Chicken Pad Thai Noodles
 
Prep time
Cook time
Total time
 
Homemade pad thai is so much easier to make than you think. This recipe tastes just as good as ones you get a your local restaurant.
Author:
Recipe type: Entree, main, lunch,
Cuisine: Thai, Asia
Serves: 4 servings
Ingredients
  • 200 grams Thai dried rice noodles (rice stick noodles)
  • 2 eggs (in a small bowl crack and mix them, then set aside)
  • 300 grams of chicken breast, cut into bite size
  • 150 grams of tofu, cut into small pieces
  • 3 to 4 garlic cloves, minced
  • 1 small fresh red chili, finely sliced or 1 teaspoon red pepper flakes
  • 1 handful chopped chives (or scallions/spring onions only green stems )
  • 1 handful fresh cilantro leaves, chopped
  • 4 Tablespoons fish sauce
  • 1.5 Tablespoon soy sauce
  • 1 Tablespoon oyster sauce
  • 3 Tablespoons fresh lime juice (or 1 good size lime or 1 lemon can be replaced)
  • 1 Teaspoon sugar (I’ve used either brown or white, what ever you have)
  • 3 Tablespoons peanut oil or canola or any vegetable oil
  • For garnish: bean sprouts (optional), some fresh cilantro leaves, fresh lime/lemon wedges, crushed roasted peanuts
Instructions
  1. The first thing you want is to boil your water too cook your noodles.

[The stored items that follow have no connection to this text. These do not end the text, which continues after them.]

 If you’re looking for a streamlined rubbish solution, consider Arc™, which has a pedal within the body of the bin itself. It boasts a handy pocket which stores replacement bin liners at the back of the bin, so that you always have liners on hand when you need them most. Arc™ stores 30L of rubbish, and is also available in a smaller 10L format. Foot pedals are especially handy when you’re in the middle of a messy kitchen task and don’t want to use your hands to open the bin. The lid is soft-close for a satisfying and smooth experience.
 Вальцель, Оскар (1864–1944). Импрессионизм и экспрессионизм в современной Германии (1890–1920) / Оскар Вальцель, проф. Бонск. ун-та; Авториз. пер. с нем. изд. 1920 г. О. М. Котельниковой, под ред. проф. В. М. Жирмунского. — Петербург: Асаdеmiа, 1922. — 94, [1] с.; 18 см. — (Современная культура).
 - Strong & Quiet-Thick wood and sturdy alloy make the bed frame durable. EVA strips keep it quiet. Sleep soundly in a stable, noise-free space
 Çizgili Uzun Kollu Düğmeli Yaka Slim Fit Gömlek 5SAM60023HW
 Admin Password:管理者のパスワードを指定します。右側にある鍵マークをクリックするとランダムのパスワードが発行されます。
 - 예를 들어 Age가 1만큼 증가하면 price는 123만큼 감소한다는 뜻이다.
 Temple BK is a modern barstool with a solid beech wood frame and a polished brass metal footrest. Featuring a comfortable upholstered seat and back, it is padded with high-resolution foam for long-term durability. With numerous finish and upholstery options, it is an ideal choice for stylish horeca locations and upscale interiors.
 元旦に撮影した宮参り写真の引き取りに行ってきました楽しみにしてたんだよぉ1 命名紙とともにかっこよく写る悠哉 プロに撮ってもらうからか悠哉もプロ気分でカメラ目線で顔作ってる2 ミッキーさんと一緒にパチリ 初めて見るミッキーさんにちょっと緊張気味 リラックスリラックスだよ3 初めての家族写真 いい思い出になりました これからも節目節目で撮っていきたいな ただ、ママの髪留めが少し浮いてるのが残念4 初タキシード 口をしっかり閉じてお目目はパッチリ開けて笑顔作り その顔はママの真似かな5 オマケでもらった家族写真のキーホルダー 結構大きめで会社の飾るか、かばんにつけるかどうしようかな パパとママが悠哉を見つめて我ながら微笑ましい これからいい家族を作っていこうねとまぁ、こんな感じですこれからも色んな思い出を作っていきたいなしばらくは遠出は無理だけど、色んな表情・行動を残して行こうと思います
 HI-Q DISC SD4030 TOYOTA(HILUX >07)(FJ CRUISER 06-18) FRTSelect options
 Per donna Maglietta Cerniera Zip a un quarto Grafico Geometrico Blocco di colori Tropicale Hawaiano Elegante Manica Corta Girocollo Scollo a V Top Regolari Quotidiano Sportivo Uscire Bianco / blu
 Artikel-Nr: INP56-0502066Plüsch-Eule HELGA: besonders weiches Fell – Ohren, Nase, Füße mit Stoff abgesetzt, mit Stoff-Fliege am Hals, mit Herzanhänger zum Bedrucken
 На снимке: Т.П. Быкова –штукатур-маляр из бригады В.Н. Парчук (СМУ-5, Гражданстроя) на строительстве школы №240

You can just read the instructions on the package as how long they need to soak- generally 8-10 minutes. After they are cooked run them under cold water and set aside.
  2. Next you’ll make the sauce, in a bowl mix the fish sauce,soy sauce,oyster sauce, lime/lemon juice, sugar,pepper flakes/red chili, half of your chopped chives and cilantro -reserve the remainder. Set aside and in the mean time
  3. Chop the chicken and the tofu.
  4. You’ll need either a wok or large pan (that’s what I use) add your oil over medium heat. Add the minced garlic cook for a minute then add your chicken until it’s cooked all the way through.
  5. Add half of your sauce (from step 2) to the wok/pan and mix thoroughly next add the Tofu and carefully combine. Push everything to one side and in the space add your eggs mix and cook until they are set. Then combine with the rest of the pan.
  6. Next you’ll need your cooked noodles, and add them to the wok/pan mixing thoroughly . Take your remaining half of the sauce and add it to the pan. Add the remanding chives and cilantro and cook for an additional 2 minutes, just to combine everything.
  7. That’s it ! now you can serve it. Put your noodles on your serving dish top with bean sprouts, cilantro, crushed peanuts and your lime/lemon wedges.